Vitamin E is another fat-soluble vitamin, like vitamin D. It serves as a powerful antioxidant in the body that helps protect against oxidative stress and inflammation.

Vitamin E also supports muscle growth and recovery via its effects on blood pressure. Vitamin E has been shown to help reduce blood pressure, which supports healthy blood flow, ultimately allowing more nutrient-rich blood to reach skeletal muscles.

#3 Vitamin A

Vitamin A is most well-known for its benefits on eye health, but it also plays an important role in immune response, cell differentiation and proliferation, embryonic development, energy metabolism, and protein synthesis (which is essential to muscle growth).

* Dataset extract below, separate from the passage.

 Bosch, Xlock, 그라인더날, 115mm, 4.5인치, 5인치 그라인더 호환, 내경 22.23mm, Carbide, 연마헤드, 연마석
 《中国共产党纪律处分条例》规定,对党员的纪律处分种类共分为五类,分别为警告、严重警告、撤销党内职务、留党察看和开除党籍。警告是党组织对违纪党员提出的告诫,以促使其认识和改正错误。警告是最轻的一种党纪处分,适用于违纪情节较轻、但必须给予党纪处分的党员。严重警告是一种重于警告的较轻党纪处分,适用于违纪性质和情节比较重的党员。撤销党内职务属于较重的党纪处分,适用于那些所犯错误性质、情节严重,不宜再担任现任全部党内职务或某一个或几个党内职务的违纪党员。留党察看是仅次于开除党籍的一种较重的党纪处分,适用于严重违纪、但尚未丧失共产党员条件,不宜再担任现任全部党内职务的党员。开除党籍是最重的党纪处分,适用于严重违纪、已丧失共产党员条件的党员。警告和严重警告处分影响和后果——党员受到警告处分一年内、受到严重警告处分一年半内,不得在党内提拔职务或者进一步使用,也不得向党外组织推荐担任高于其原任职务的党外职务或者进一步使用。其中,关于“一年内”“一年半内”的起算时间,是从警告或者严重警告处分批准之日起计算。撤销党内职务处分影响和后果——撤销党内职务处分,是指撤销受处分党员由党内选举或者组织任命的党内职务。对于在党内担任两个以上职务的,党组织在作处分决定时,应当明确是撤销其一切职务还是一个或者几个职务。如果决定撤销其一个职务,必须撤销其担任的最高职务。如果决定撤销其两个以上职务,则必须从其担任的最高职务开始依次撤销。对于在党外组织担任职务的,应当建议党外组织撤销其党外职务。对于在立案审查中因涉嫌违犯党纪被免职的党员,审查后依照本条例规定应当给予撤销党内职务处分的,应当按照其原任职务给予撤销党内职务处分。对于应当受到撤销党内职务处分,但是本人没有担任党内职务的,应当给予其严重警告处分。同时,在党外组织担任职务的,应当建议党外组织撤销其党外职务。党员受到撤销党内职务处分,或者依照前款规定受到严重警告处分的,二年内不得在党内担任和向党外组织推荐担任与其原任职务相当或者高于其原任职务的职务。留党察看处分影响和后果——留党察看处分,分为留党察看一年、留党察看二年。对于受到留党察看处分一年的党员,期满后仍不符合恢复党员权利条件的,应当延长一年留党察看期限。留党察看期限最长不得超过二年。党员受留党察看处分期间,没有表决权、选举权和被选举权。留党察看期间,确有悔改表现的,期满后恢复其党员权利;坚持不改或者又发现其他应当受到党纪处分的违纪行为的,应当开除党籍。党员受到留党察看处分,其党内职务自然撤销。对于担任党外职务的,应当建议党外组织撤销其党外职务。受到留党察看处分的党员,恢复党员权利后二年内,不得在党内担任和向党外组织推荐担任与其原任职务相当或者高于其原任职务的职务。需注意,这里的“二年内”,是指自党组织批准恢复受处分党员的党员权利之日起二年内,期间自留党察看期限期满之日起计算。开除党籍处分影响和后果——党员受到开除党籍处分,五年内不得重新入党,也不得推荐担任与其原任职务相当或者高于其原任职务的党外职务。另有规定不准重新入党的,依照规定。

In fact, deficiencies in Vitamin A are known to attenuate increases in protein synthesis (meaning less growth and repair) as well as reduce testosterone levels -- neither of which benefit your ability to repair or grow muscle.

#4 Vitamin C

Everyone’s favorite vitamin come cold season, Vitamin C also supports muscle growth and recovery. For starters, similar to vitamin E, vitamin C acts as a powerful antioxidant in the body, which helps combat oxidative stress and inflammation.

But that’s not all.

Vitamin C also plays a role in nitric oxide (NO) production via its effects on eNOS -- the enzyme that catalyzes nitric oxide production. Greater NO production supports greater blood flow, which brings more nutrients (carbohydrates,  amino acids, etc.) to working muscles, which helps them grow and recover better.

Vitamin C is also needed for collagen synthesis. Collagen is the body’s primary structural protein, and it can be found all over the body, including joints, ligaments, tendons, and connective tissue. Maintaining these important structures is vital to your ability to crush it in the gym each day.

#5 B-Vitamins

The B-family of vitamins play a critical role in energy production. Beyond helping your body produce ATP -- the cellular currency of energy production,  B vitamins also affect energy metabolism (your body’s ability to efficiently convert protein, carbs, and fats to usable energy) as well as protein synthesis.

Niacin, in particular, is noted for its ability to improve circulation and endothelial function as well as reduce inflammation, which helps boost recovery and muscle growth by delivering more nutrients to your muscles!